### Task directions
Under this line are records; the part from the line containing "Mit dem Geburtstagszug" through the line containing "Wolfson College Oxford: Extension" should be repeated exactly. Please exclude pictures.

### Available data
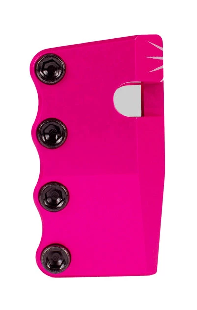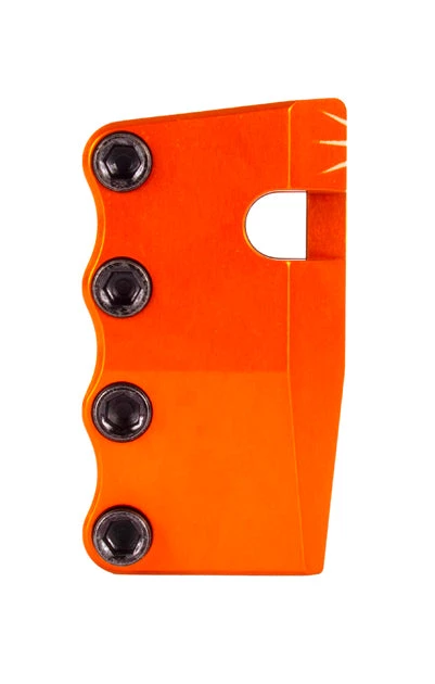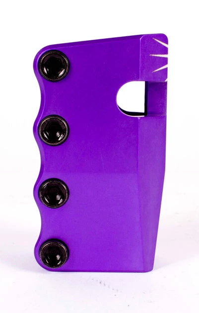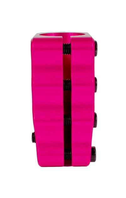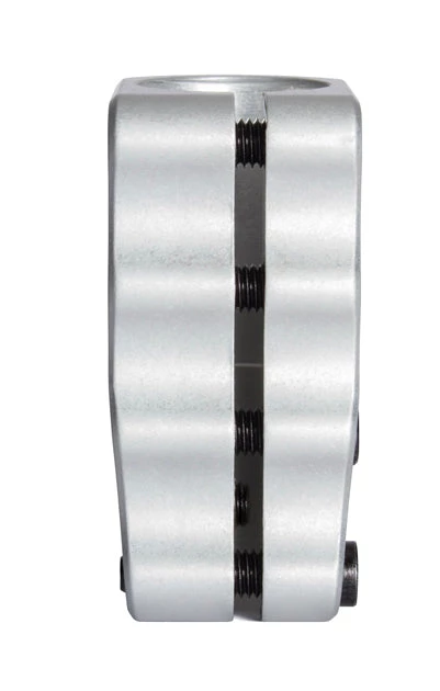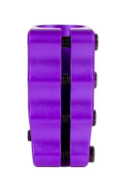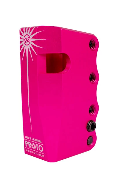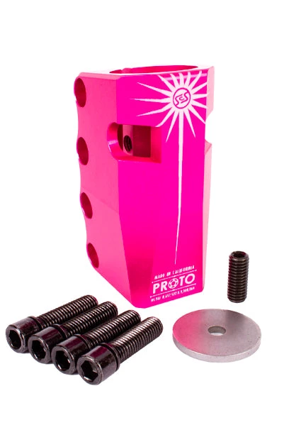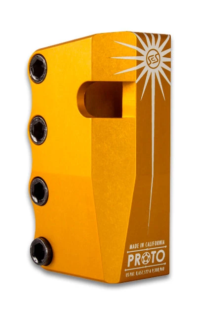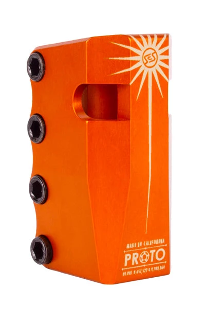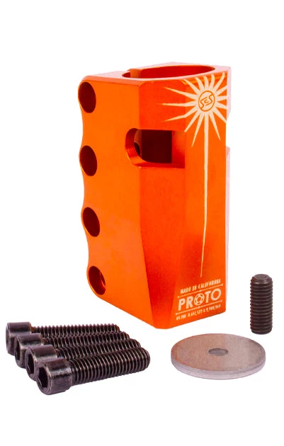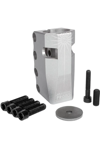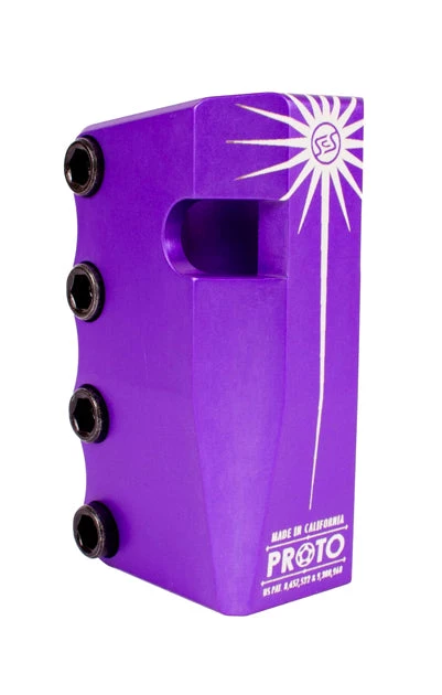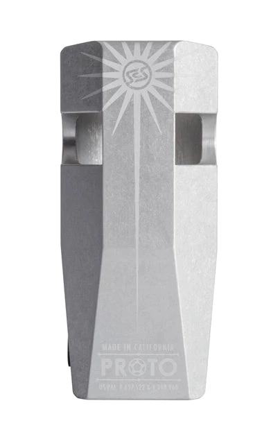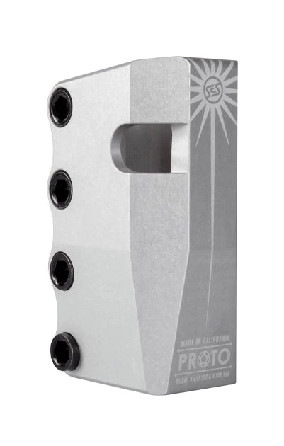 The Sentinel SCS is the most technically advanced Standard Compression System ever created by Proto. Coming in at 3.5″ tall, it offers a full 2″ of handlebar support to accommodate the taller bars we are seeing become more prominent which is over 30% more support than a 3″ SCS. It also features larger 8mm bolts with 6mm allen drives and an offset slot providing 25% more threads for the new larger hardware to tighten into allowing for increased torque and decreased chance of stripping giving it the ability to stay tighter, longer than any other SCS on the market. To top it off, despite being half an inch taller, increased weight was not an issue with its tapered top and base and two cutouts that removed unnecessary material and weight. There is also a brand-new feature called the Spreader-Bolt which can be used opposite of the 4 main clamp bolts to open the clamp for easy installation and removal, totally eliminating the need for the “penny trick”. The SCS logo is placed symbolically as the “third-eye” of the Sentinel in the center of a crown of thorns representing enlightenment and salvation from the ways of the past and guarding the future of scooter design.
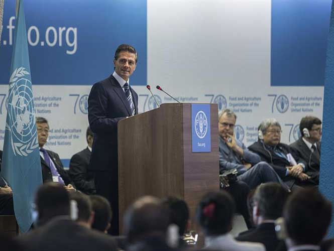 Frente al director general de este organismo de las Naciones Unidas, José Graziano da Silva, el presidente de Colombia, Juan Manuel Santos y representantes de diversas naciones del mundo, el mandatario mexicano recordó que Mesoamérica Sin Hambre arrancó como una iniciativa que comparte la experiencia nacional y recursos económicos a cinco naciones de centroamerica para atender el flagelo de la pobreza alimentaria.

--

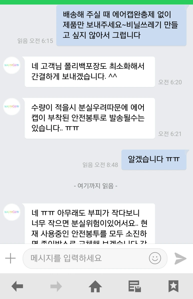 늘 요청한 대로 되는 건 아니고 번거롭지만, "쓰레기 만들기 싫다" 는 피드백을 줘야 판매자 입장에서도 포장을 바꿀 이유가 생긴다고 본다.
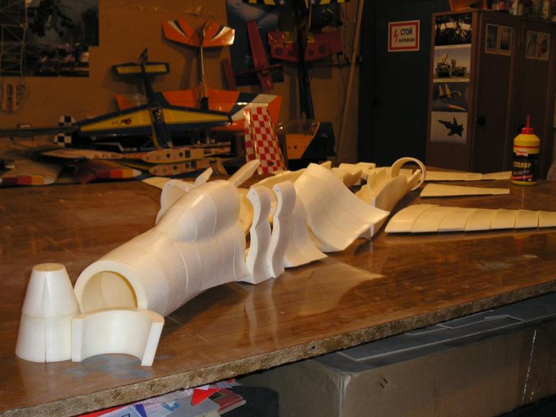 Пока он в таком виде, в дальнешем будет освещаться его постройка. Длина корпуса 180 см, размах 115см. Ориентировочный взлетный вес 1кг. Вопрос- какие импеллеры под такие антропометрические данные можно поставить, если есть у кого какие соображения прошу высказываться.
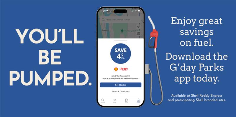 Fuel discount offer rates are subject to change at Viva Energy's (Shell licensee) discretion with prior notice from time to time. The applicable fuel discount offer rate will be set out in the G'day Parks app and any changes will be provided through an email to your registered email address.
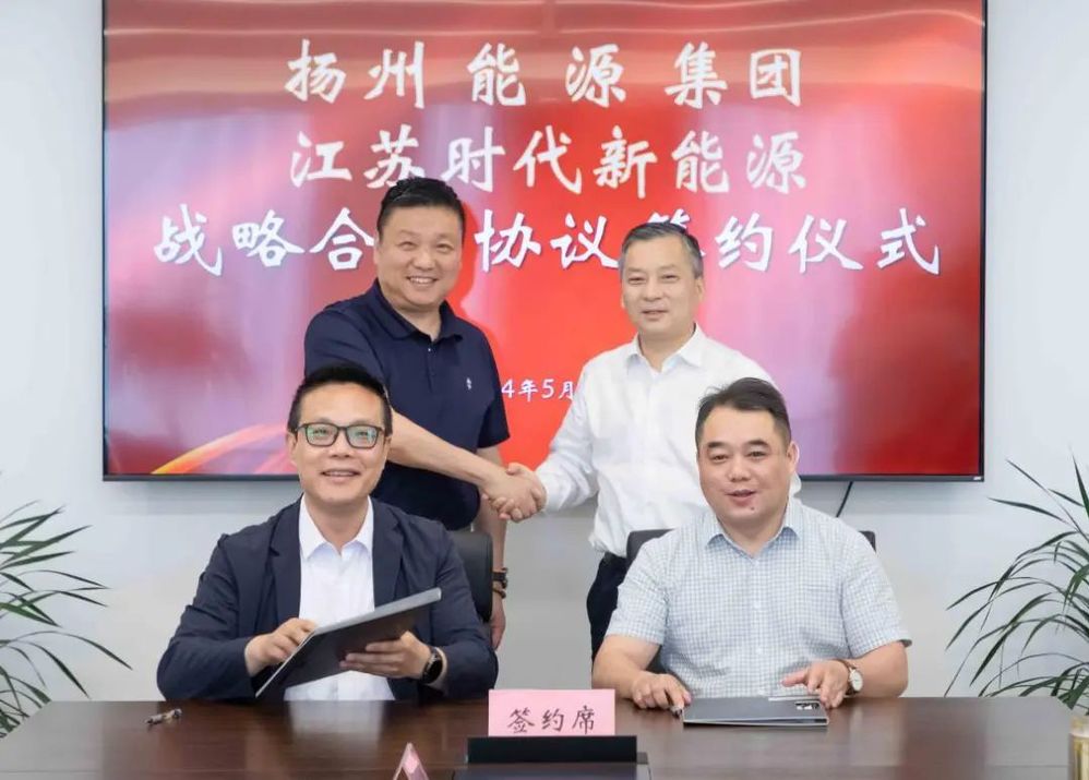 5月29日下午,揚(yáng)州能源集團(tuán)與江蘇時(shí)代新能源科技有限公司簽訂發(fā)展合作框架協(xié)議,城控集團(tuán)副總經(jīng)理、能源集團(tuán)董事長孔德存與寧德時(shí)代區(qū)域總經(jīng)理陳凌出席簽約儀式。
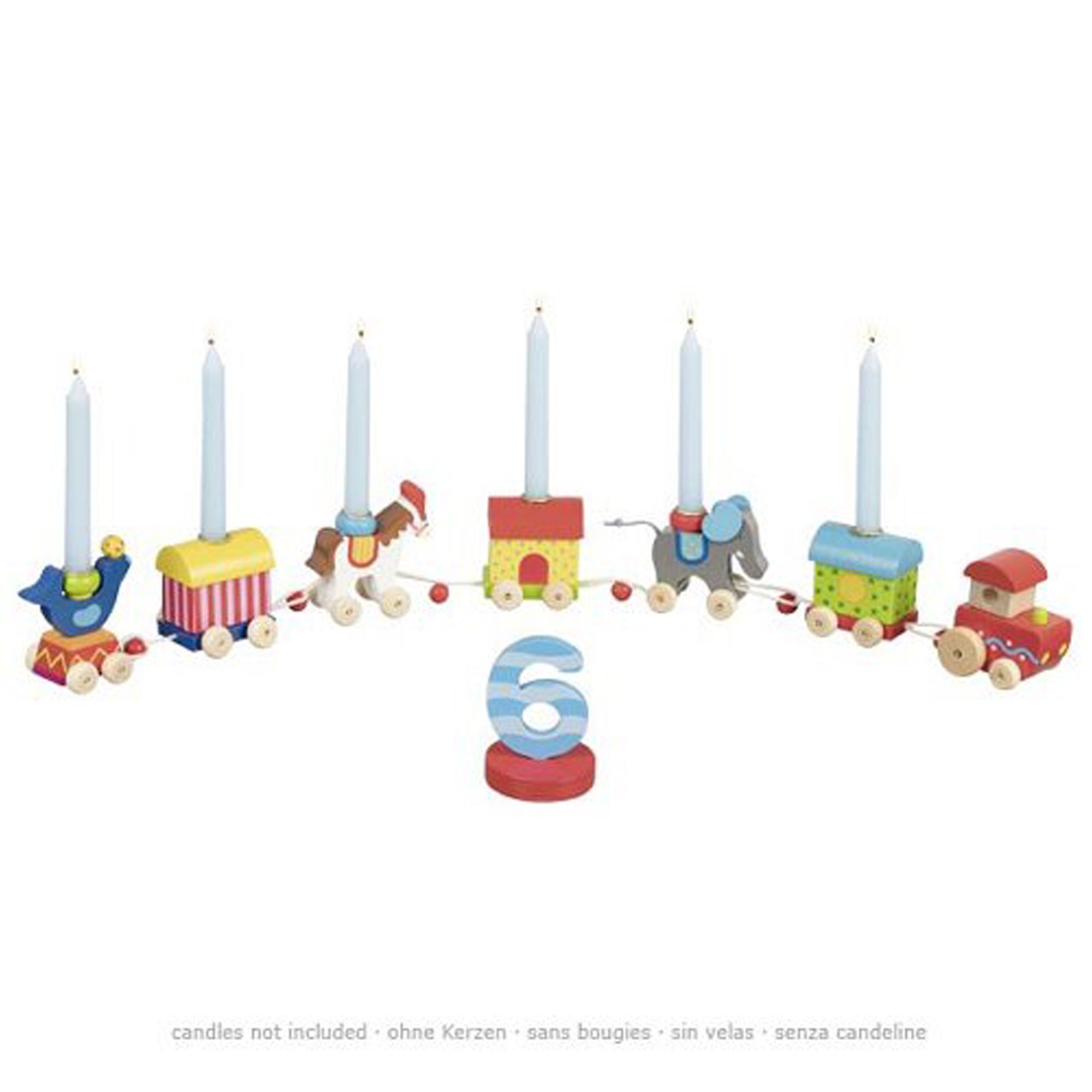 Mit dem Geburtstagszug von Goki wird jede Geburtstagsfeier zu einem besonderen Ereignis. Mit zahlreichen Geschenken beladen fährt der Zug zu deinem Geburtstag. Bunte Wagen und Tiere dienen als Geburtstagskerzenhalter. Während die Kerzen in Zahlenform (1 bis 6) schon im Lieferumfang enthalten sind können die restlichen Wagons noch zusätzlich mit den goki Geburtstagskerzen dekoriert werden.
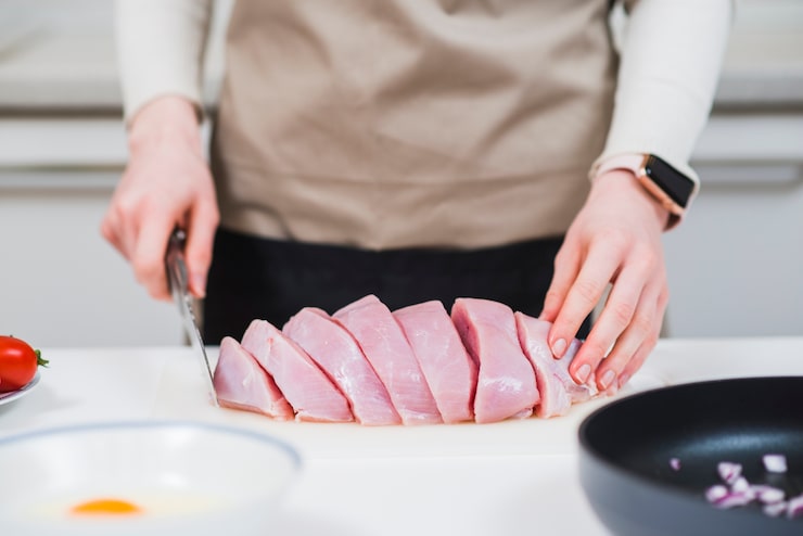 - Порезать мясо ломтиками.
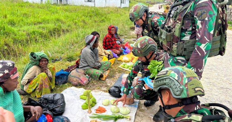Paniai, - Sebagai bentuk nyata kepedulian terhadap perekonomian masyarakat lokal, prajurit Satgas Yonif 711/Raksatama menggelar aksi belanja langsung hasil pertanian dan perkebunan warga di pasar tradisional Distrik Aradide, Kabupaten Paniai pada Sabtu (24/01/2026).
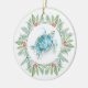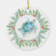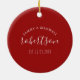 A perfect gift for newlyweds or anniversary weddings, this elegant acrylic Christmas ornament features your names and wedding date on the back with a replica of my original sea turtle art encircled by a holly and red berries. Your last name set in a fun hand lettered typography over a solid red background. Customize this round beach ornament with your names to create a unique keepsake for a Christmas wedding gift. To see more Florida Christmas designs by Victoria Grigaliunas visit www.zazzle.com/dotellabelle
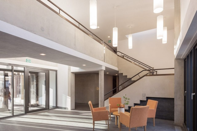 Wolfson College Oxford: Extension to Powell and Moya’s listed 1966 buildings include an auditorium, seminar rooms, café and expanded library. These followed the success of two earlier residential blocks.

### Written solution
 Mit dem Geburtstagszug von Goki wird jede Geburtstagsfeier zu einem besonderen Ereignis. Mit zahlreichen Geschenken beladen fährt der Zug zu deinem Geburtstag. Bunte Wagen und Tiere dienen als Geburtstagskerzenhalter. Während die Kerzen in Zahlenform (1 bis 6) schon im Lieferumfang enthalten sind können die restlichen Wagons noch zusätzlich mit den goki Geburtstagskerzen dekoriert werden.
 - Порезать мясо ломтиками.
Paniai, - Sebagai bentuk nyata kepedulian terhadap perekonomian masyarakat lokal, prajurit Satgas Yonif 711/Raksatama menggelar aksi belanja langsung hasil pertanian dan perkebunan warga di pasar tradisional Distrik Aradide, Kabupaten Paniai pada Sabtu (24/01/2026).
 A perfect gift for newlyweds or anniversary weddings, this elegant acrylic Christmas ornament features your names and wedding date on the back with a replica of my original sea turtle art encircled by a holly and red berries. Your last name set in a fun hand lettered typography over a solid red background. Customize this round beach ornament with your names to create a unique keepsake for a Christmas wedding gift. To see more Florida Christmas designs by Victoria Grigaliunas visit www.zazzle.com/dotellabelle
 Wolfson College Oxford: Extension to Powell and Moya’s listed 1966 buildings include an auditorium, seminar rooms, café and expanded library. These followed the success of two earlier residential blocks.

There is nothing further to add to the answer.